PA binds to host receptors and mediates endocytosis of EF and LF.
Inside the endosome, PA forms a pore to translocate EF and LF into the host cytoplasm.
EF causes tissue edema, while LF triggers cell death.
As the infection advances, EF and LF enter the bloodstream, causing vascular leakage and systemic shock, which can lead to multiple organ failure.
Anthrax is a zoonotic disease caused by Bacillus anthracis, a Gram-positive, spore-forming bacterium. It primarily affects herbivorous animals but can be transmitted to humans through skin contact, ingestion, or inhalation of spores.

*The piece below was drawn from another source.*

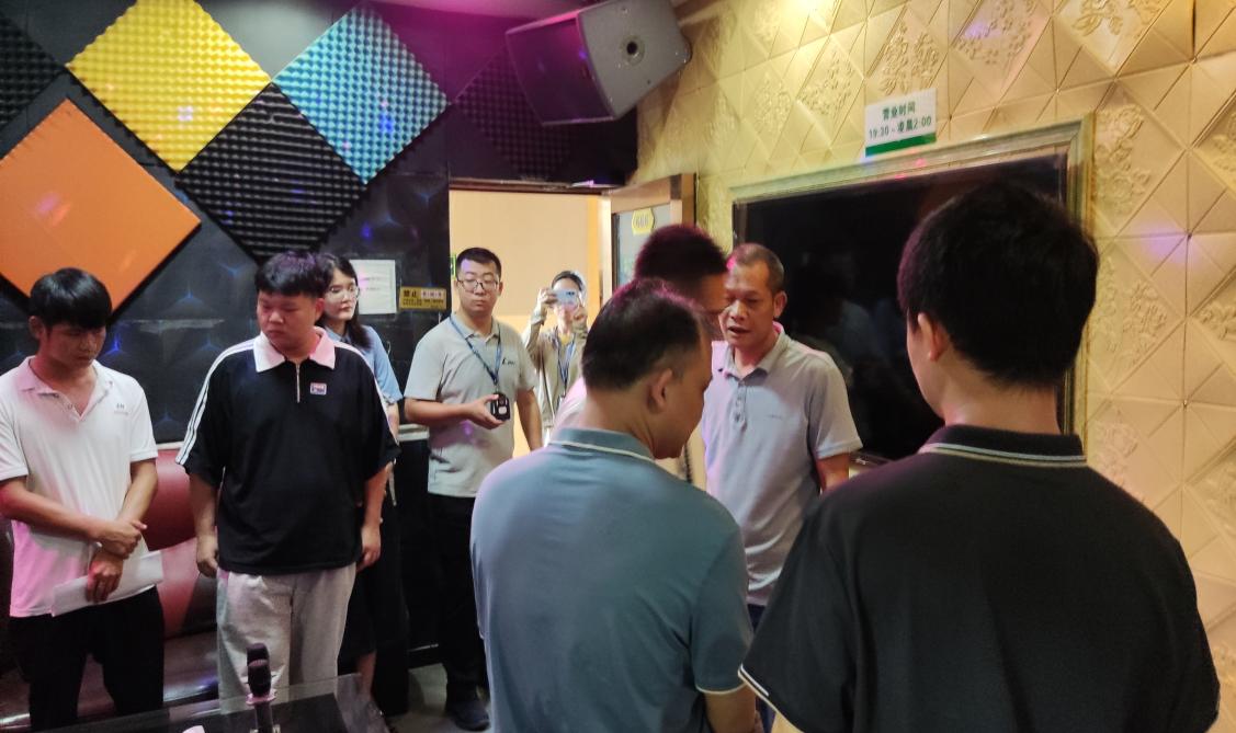 在對黎埠鎮部分經營場所進行突擊檢查時,檢查組重點檢查了經營場所是否存在無證經營、噪音擾民、播放違禁歌曲的情況,是否存在接待未成年人、不嚴格落實營業制度等違法違規經營行為,并要求經營單位對存在問題立行立改。另外,我局執法人員還詳細聽取了黎埠鎮執法辦開展文化市場執法情況的工作匯報,就文化執法工作難點及問題等方面進行了交流,要求黎埠鎮執法辦要依照法律法規查處相關違法違規行為,并就具體的執法事項開展了現場指導。

Cutaneous anthrax, the most common form, typically results from direct contact with bacterial spores through skin abrasions and is generally less severe. Gastrointestinal anthrax results from eating undercooked or contaminated meat. It affects the mouth, throat, or intestines and causes symptoms like nausea, vomiting, abdominal pain, and severe diarrhea. Inhalational anthrax, the most severe form, begins when aerosolized spores are inhaled and deposited in the alveolar spaces of the lungs. Alveolar macrophages then internalize the spores through phagocytosis and transport them to regional lymph nodes. There, the spores germinate into vegetative bacilli—likely after macrophage lysis or in response to a nutrient-rich environment. Injection anthrax is a rare form seen in people who inject contaminated drugs. It resembles cutaneous anthrax but spreads faster, is harder to diagnose, and often involves deeper tissue damage.
Two plasmids, pXO1 and pXO2, mediate the pathogenesis of B. anthracis. The pXO2 plasmid encodes a poly-D-glutamic acid capsule that protects the bacteria from phagocytic destruction by host immune cells. This antiphagocytic capsule is a critical virulence factor, enabling the bacteria to evade host defenses and disseminate within the host.

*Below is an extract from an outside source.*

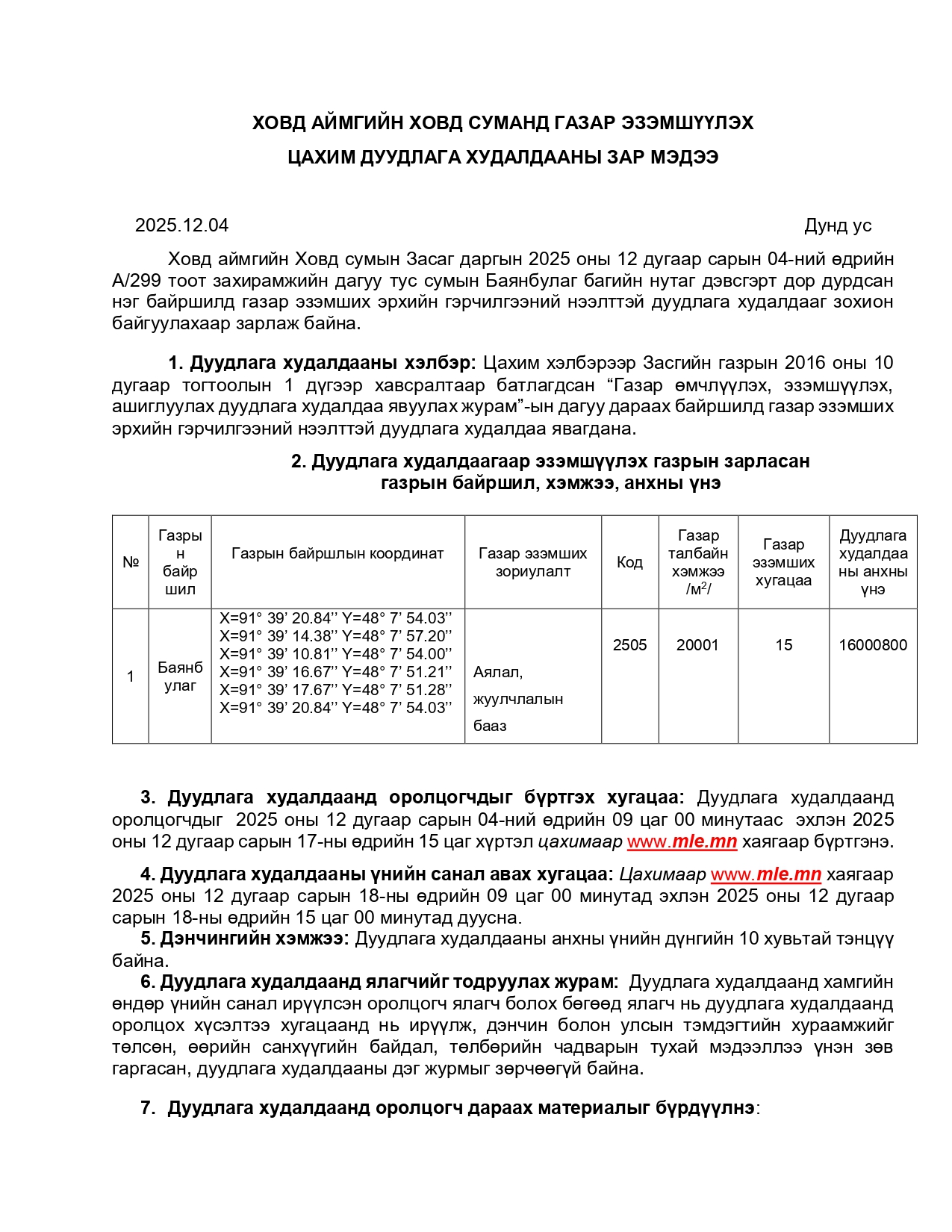 Дуудлага худалдаанд оролцогчдыг бүртгэх хугацаа: Дуудлага худалдаанд оролцогчдыг 2025 оны 12 дугаар сарын 04-ний өдрийн 09 цаг 00 минутаас эхлэн 2025 оны 12 дугаар сарын 17-ны өдрийн 15 цаг хүртэл цахимаар www.mle.mn хаягаар бүртгэнэ.

The pXO1 plasmid encodes a tripartite exotoxin composed of Protective Antigen (PA), Edema Factor (EF), and Lethal Factor (LF). PA initiates toxin entry by binding to specific host cell receptors and mediating endocytosis of EF and LF. Within the acidified endosome, PA oligomerizes into a heptameric or octameric pore on the endosomal membrane to translocate EF and LF into the cytoplasm.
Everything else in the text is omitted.